British actor and choreographer

Jason Pennycooke is a British actor and choreographer best known for his work in musical theatre. He won a WhatsOnStage Award and received Laurence Olivier Award nominations.

== Career ==
Brought up in Leeds, Pennycooke trained for a dance career at the Northern School of Contemporary Dance in Leeds and at the London Studio Centre.

In 2008, he played the role of Jacob in the Menier Chocolate Factory production La Cage aux Folles. The production subsequently transferred to the West End at the Playhouse Theatre, and he was nominated for the Laurence Olivier Award for Best Performance in a Supporting Role in a Musical.

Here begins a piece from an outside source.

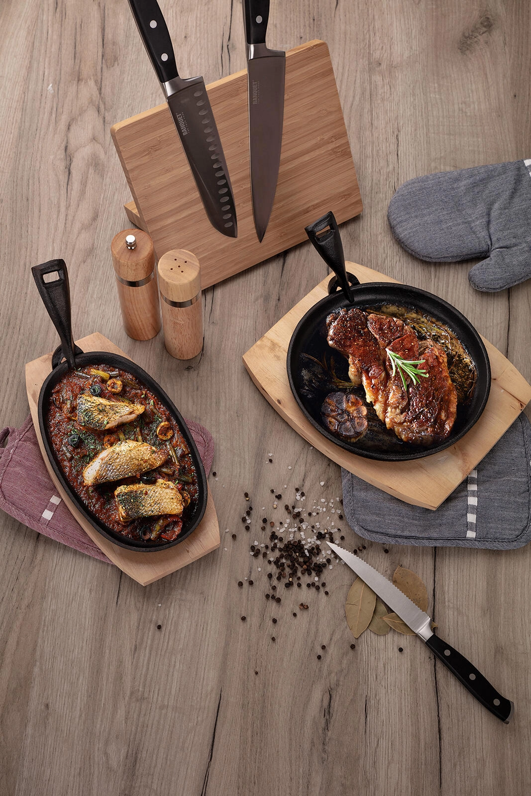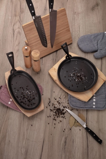 De gietijzeren pan houdt warmte vast en met de houten plank zet je haar veilig op tafel – het eten blijft heet en verleidelijk sissend.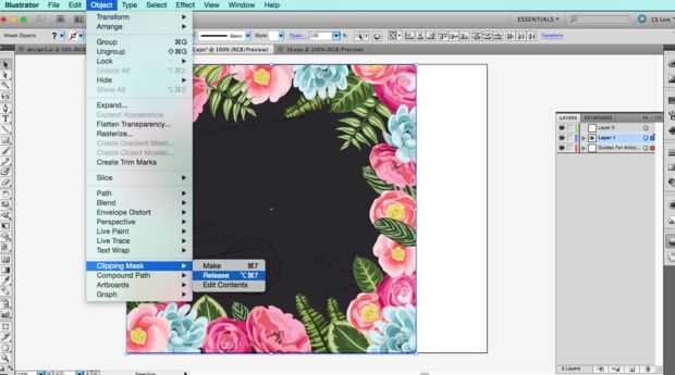 Para quitar la máscara de recorte alrededor de la ilustración, seleccione la ilustración y, a continuación, vaya a objeto > Máscara de recorte > liberación.

He provided choreography and musical staging for the musical Soul Sister, which opened at the Hackney Empire in 2012, before playing in the West End at the Savoy Theatre and touring the UK. He choreographed and starred in The Big Life which played at the Apollo Theatre in the West End in 2005. He was nominated for Best Choreographer in a Musical at the 2006 WhatsOnStage Awards and was also nominated for Best New Musical at the 2006 Laurence Olivier Awards. He also choreographed Porgy and Bess which played at Savoy Theatre 2006 and was nominated for Best New Musical at the 2007 Laurence Olivier Awards.

In 2014 he played Bobby in the West End production of Memphis. He was nominated for the Laurence Olivier Award for Best Actor in a Supporting Role in a Musical for his performance. He joined the company of Guys and Dolls when the revival transferred to the Phoenix Theatre in March 2016, playing Benny.

He was cast in the dual roles of Marquis de Lafayette and Thomas Jefferson in the West End production of Hamilton, in the original West End Cast, which began previews in December 2017. He was nominated for the Laurence Olivier Award for Best Actor in a Supporting Role in a Musical for his performance, along with fellow Hamilton cast members, Cleve September and Michael Jibson.

In 2019, Pennycooke played Wilson in the musical drama Rocketman and in 2020, JJ in the BBC Comedy TV Pilot Bumps.

In 2022, Pennycooke performed as Henri de Toulouse-Lautrec in Moulin Rouge! at the Piccadilly Theatre in the West End. He was a part of the show’s original West End Cast. The show was extended until July 2022.

In 2023, he appeared as 'Other Samuel' in BBC One miniseries Boat Story.